Boots over New Zealand

Next week we'll be hiking the Queen Charlotte Track a glorious ridge trail above sea-drowned valleys at the top of New Zealand's South Island. It's a comfortable tramp, just 43 miles over four days.

Maybe that explains why Rudyard Kipling's "Boots" was my earworm the other day:
We’re foot—slog—slog—slog—sloggin’ over Africa!
Foot—foot—foot—foot—sloggin’ over Africa—
(Boots—boots—boots—boots—movin’ up and down again!)         
There’s no discharge in the war!
Kipling took the viewpoint of a British Tommy soldier in southern Africa in the Second Boer War (1899-1902). His racism is relatively subdued in this poem, but he does what he does best, depicting the "white man's burden."

That got me wondering if New Zealand played any part in the conflict. I learned that New Zealand sent troops to support the British Empire. Some Māori men (the first New Zealanders) wanted to enlist, but were turned down because this was a "white man's war."

We've booked a boat to drop us off at Meretoto/Ship Cove at the start of the Queen Charlotte Track. "Meretoto" is the Māori name, "Ship Cove" is the name the British explorer, Captain James Cook, gave this place. Cook made contact with Māori people at Meretoto in 1770 then returned several times on his three voyages to the area.

Cook and his crew were not the first Europeans to reach New Zealand. A Dutchman, Abel Tasman, made the journey in 1642. But it was Cook who set off a chain of events that brought about British occupation.

I think about places I have visited where European stock pushed the indigenous people aside. It happened right at home in Minnesota. The Dakota War of 1862 led to the displacement of the Dakota, and the largest mass execution in American history. In Hawaii, a place we visit often, Cook was a cog in the machine that led to missionaries who cleared the way for their sons to acquire the land.

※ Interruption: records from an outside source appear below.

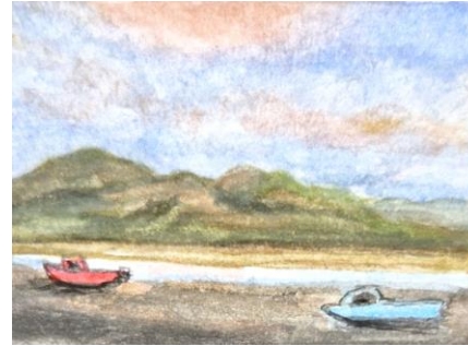
Water Colour: 1.50in 2.25in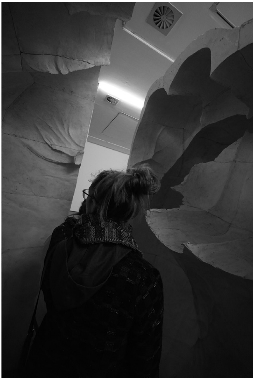
Caption: Anna Lena Grau, Moule (2015) View from the inside, plaster, carbon steel, 300 x 215 x 265 cm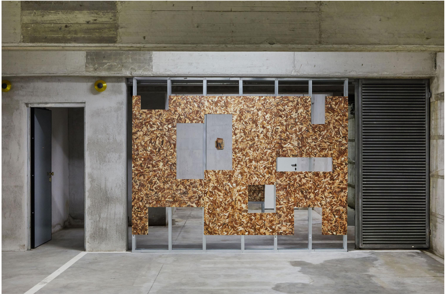
Olu Ogunnaike, From one space to an/other , 2020 Villa Lontana, Rome. IT.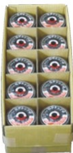
GP100AL-60-100P (100 sheets, aluminum for general metal)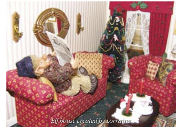
Elf house created by Lorraine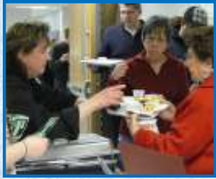
Sample Taste Testing

I find it is too easy to frame a visit to New Zealand as a visit to an Anglo place. To look beyond tales of British settlement and happy, chanting Māori can be uncomfortable. But, to try to see the present reality through Māori eyes rather than just my European eyes makes my experience more nuanced and richer.
In 2006 we stayed at a very Anglo bed and breakfast at the end of the Queen Charlotte Track.
Note: I took the photos in this post when we walked the Queen Charlotte Track in 2006.